The simplest form of fish to display would be using a single fish bowl or a small 2-gallon aquarium. Using either would require some type of substrate (gravel) and decorations. You might decide to use cold water fish such as Bettas (Siamese Fighting Fish) or Goldfish. Both like colder water, which means it’s not necessary to have a heater. Fishbowls also don’t require filtration. Both Bettas and Goldfish enjoy a simple diet or flakes or pellets and would require weekly water changes. Be sure to keep them away from high traffic areas as too much activity is stressful to any type of fish. Bettas tend to be aggressive, so you can only have one in a bowl or aquarium. Goldfish do just fine alone or in groups.
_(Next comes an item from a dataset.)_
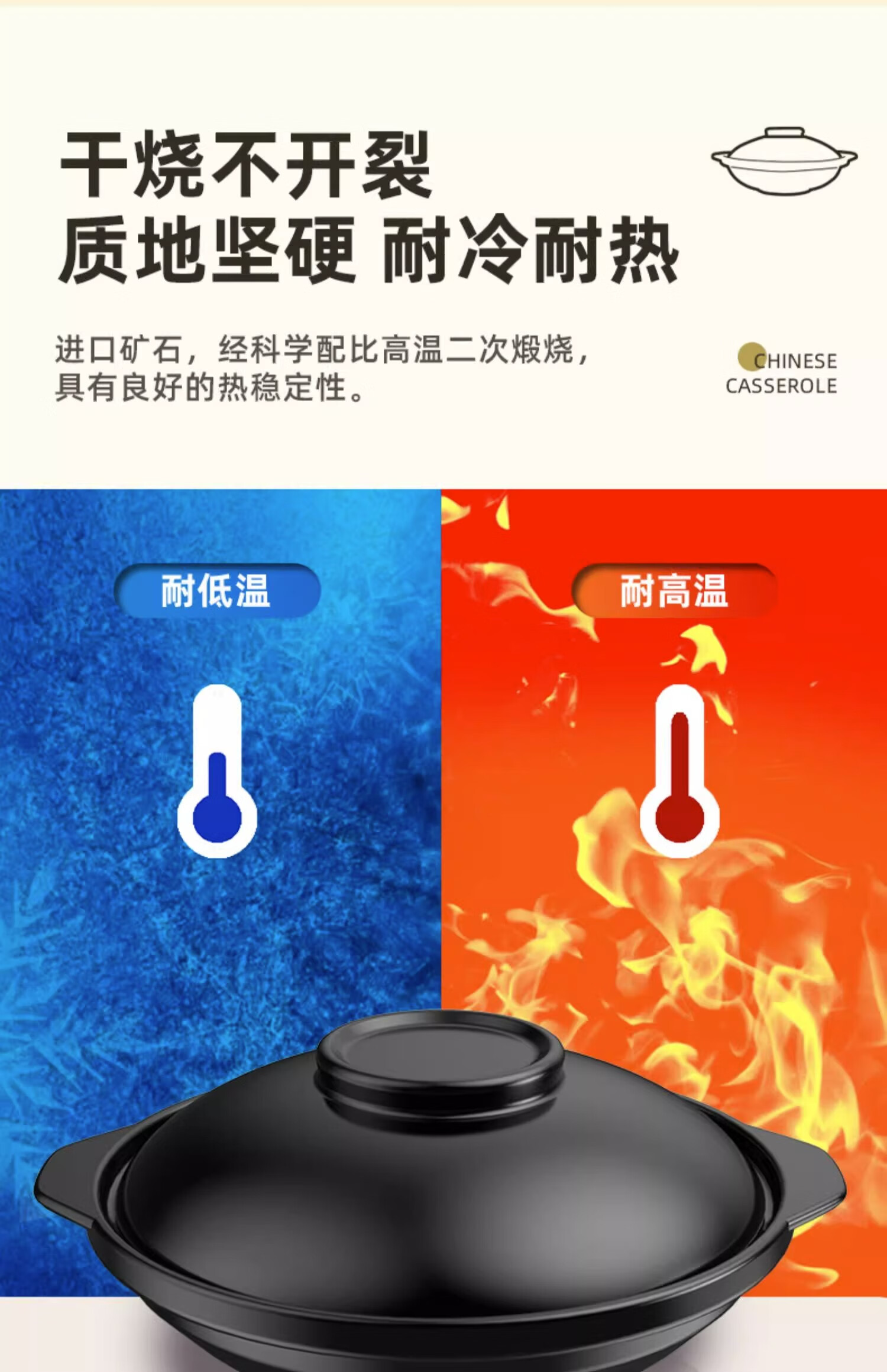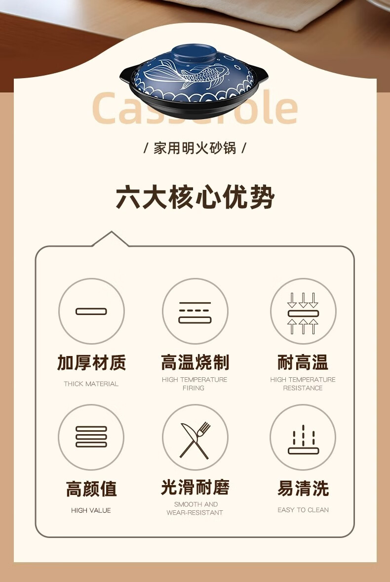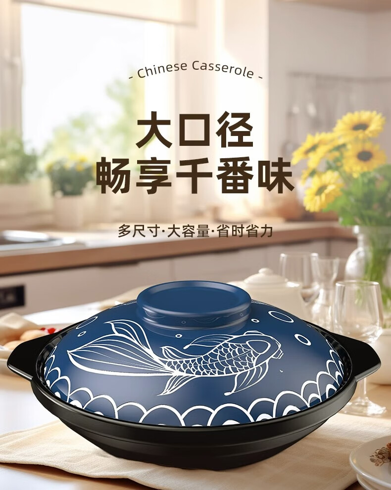 GNNDXX德国耐高温砂锅家用干烧不裂陶瓷浅锅煤气灶专用煲粥炖汤老式沙锅 年年有鱼深蓝盖浅锅 2.6L
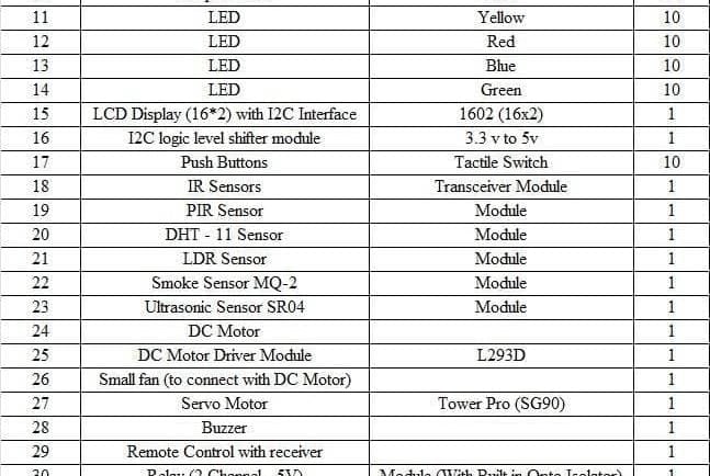 Sensors: IR, PIR, DHT11, LDR, Smoke (MQ-2), Ultrasonic

Even if you are a beginner aquarist, you can keep warm water fish that are simple to care for. Warm water fish require temperatures between 72-82 degrees, meaning they will require a heater. Easy care species include Black Mollies, White Clouds, Danios, Swordtails and Guppies. These fish can dwell together in a community tank with few problems. All of these species are hardy, lively, can live on flake or pellet diets, active, small and long-lasting. The aquarium would require a 10 percent water change to keep the water fresh and healthy.
Aquariums can be decorated according to your personal taste, using any color preference and the many types of decorations are limitless, so matching any décor would be very easy to do. I personally have a 55-gallon aquarium with one Red-bellied Pacu. My tank is located in my dining room. My living- and dining room consists of off-white and black furniture. My aquarium has white gravel with black slate rock pieces, as well as a solid black background. Before the Pacu grew large, there were also black and white plants as well. The tank is on a black wrought iron stand and blends in perfectly with the surrounding décor. The only downside to an aquarium of this size is not being able to move it around at will. It is in an ideal spot away from windows to prevent algae growth, and it is also out of the way of heavy traffic areas.
The aquarium is a great conversation piece, as visitors are always enthralled with the size of my Pacu and its care. My Pacu is about the length of my forearm and will eventually need a larger tank to support his girth. What started off as a way to fill empty space has evolved into a large aquarium that holds a lone fish species and is a very beautiful decorative accent in my home.